WHAT YOU ARE ASKED TO DO: Look through the entries below for the line with "文蛤400克、鸡蛋2个、盐1" and the line with "Blanket Ladder for", then give again exactly those two lines and all lines between them, minus the pictures.

RECORDS:
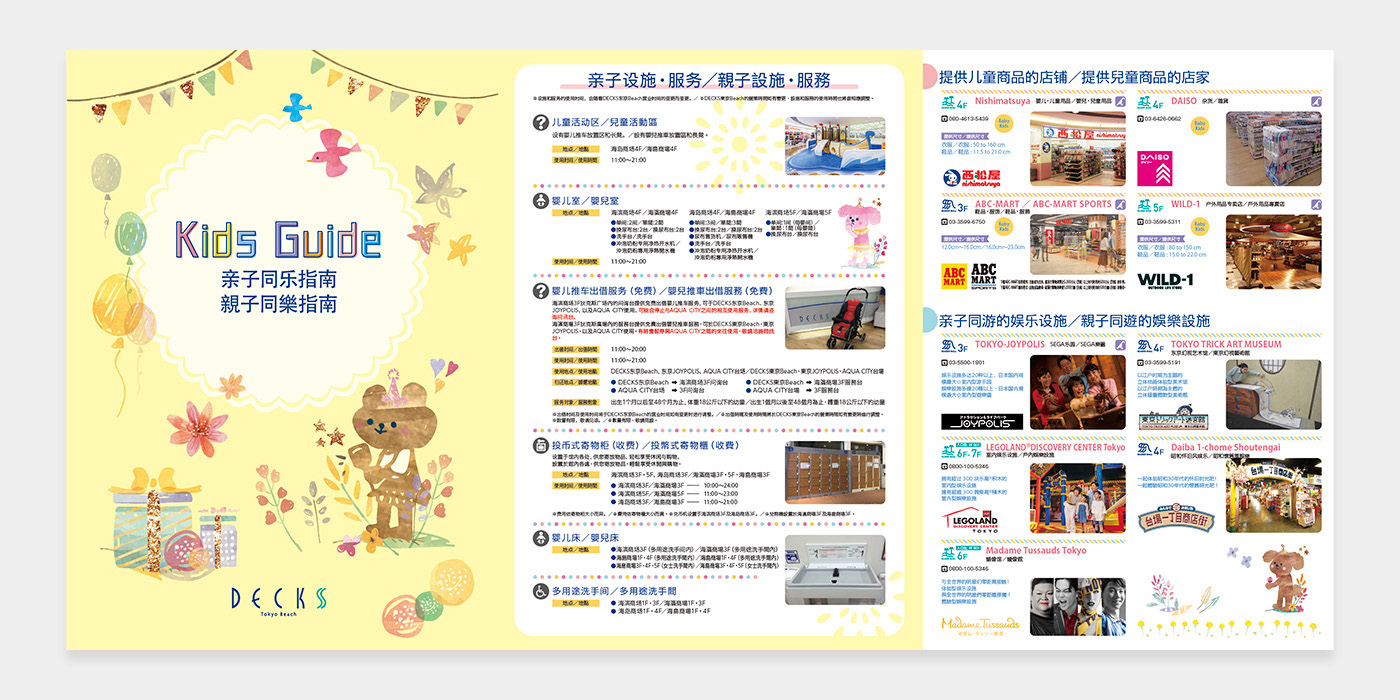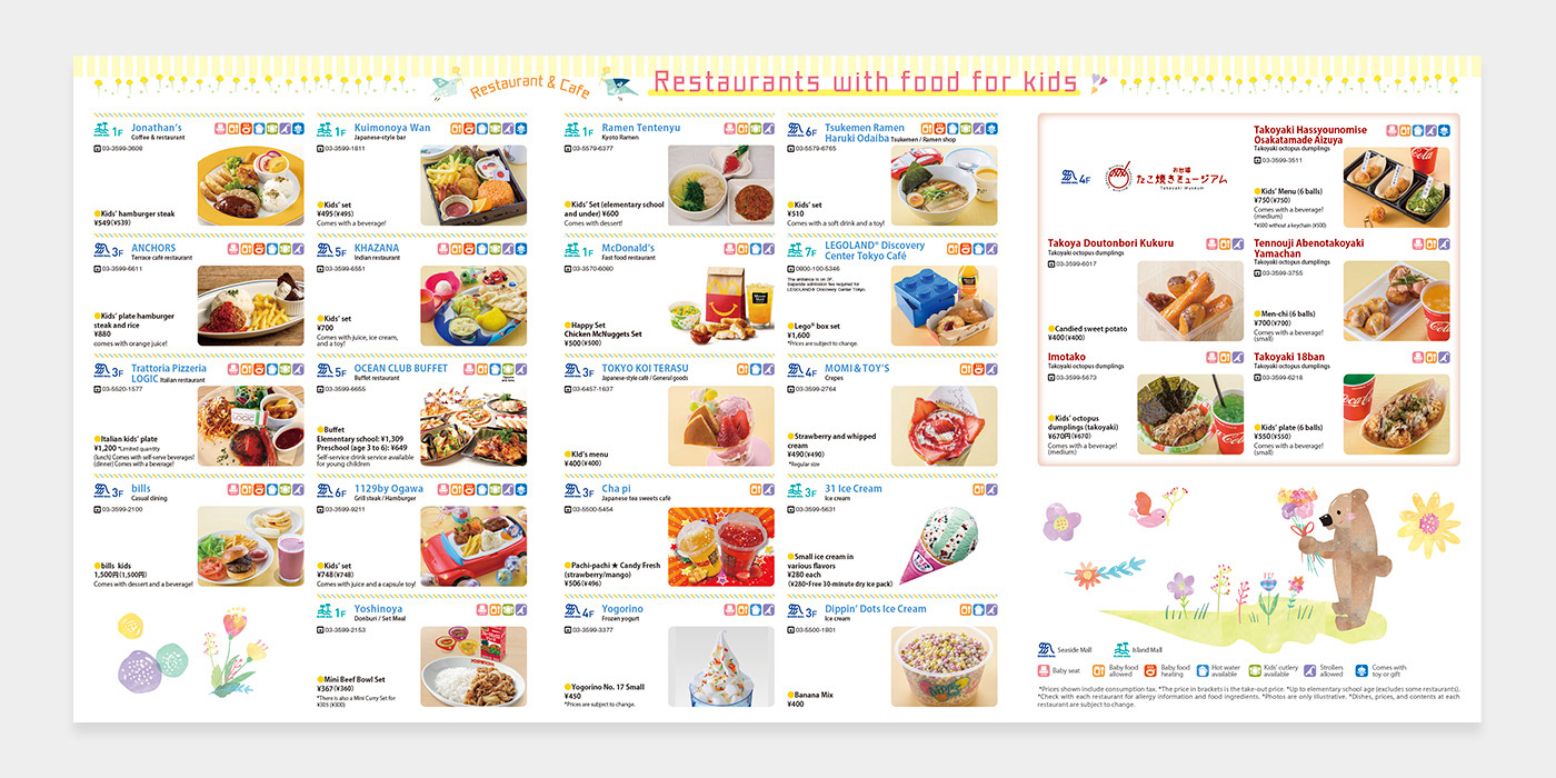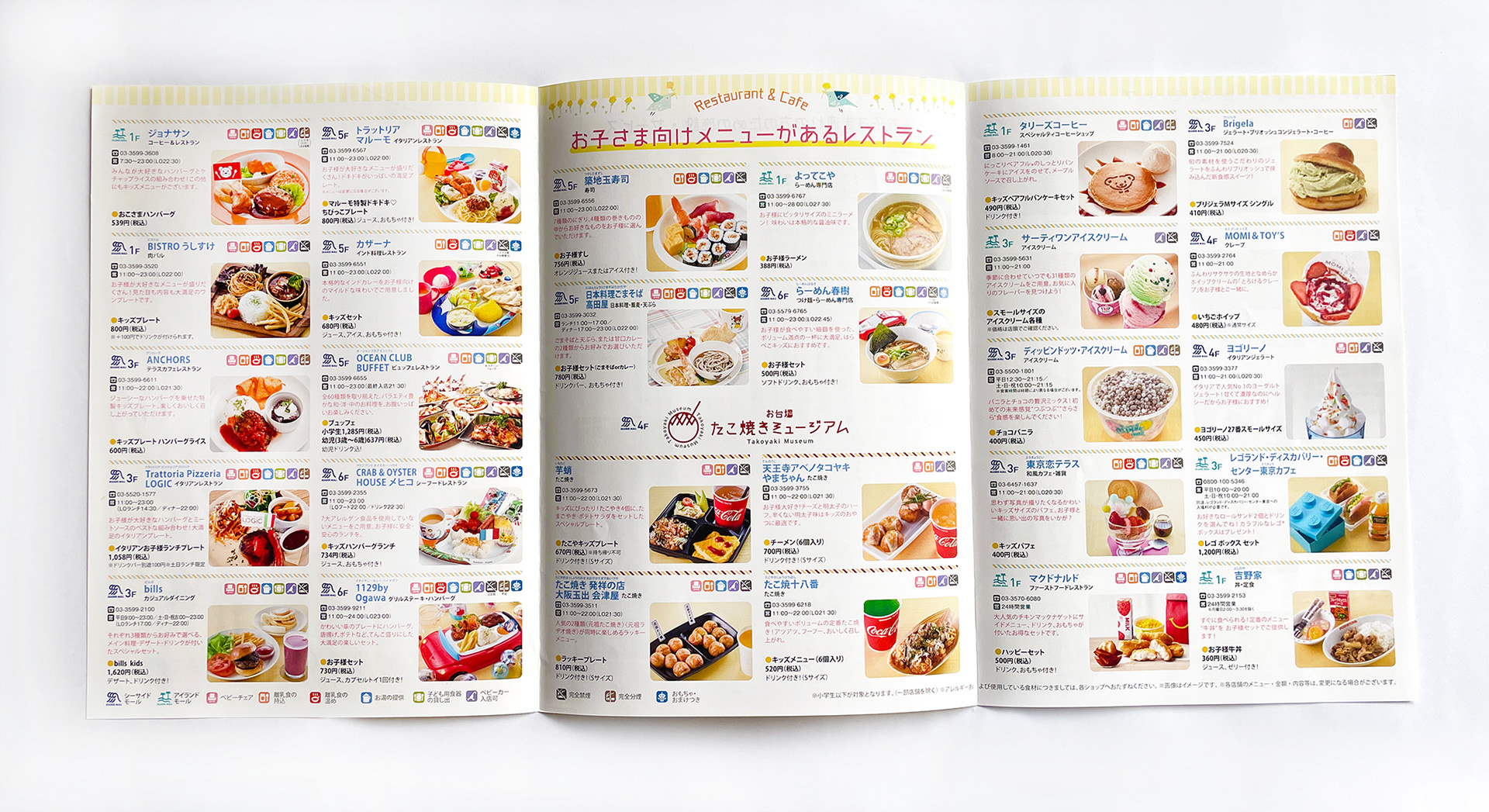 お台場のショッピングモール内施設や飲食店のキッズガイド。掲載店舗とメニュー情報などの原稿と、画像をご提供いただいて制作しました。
...
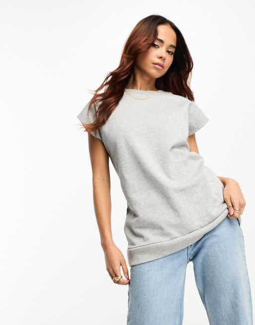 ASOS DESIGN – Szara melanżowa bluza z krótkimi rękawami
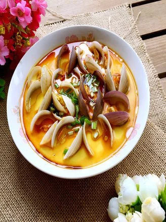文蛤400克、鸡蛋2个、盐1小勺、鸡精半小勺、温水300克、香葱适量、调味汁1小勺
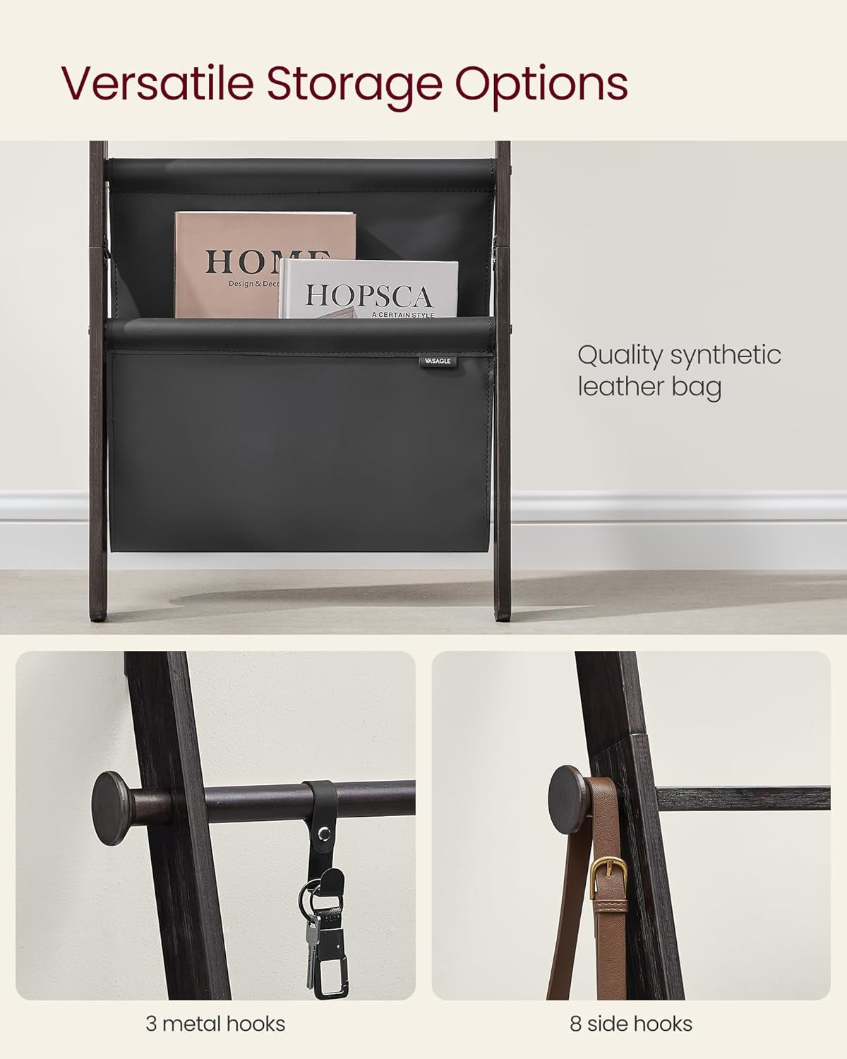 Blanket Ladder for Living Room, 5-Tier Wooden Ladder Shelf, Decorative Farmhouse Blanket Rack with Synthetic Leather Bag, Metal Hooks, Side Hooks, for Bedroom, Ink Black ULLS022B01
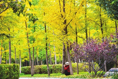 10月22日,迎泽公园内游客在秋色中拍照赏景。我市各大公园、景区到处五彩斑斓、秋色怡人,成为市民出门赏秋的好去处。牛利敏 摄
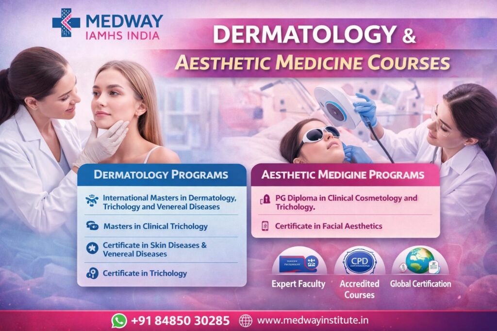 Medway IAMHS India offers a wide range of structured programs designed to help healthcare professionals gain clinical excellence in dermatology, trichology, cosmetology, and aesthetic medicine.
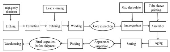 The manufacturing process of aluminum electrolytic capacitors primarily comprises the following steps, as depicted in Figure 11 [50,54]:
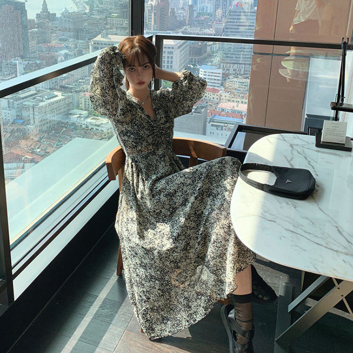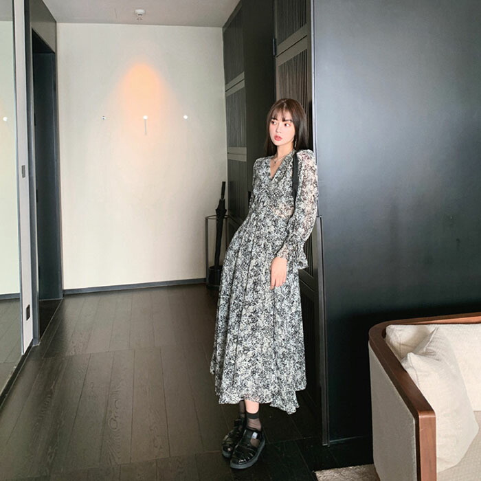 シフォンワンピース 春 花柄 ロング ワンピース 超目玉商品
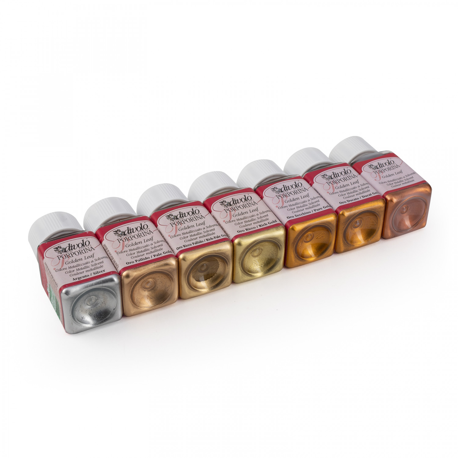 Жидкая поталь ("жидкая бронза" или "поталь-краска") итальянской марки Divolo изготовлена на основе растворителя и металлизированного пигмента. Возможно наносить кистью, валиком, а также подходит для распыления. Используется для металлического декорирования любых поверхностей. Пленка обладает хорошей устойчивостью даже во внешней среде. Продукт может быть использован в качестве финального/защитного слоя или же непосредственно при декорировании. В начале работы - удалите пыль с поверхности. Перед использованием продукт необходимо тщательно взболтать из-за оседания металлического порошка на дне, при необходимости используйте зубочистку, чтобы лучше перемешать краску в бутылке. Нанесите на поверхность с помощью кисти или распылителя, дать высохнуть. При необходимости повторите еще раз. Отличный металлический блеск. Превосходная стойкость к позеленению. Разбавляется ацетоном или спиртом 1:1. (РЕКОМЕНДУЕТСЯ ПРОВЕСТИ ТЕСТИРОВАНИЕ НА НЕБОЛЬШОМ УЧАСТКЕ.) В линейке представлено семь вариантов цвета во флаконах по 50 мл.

RESULT FOR THIS EXERCISE:
文蛤400克、鸡蛋2个、盐1小勺、鸡精半小勺、温水300克、香葱适量、调味汁1小勺
 Blanket Ladder for Living Room, 5-Tier Wooden Ladder Shelf, Decorative Farmhouse Blanket Rack with Synthetic Leather Bag, Metal Hooks, Side Hooks, for Bedroom, Ink Black ULLS022B01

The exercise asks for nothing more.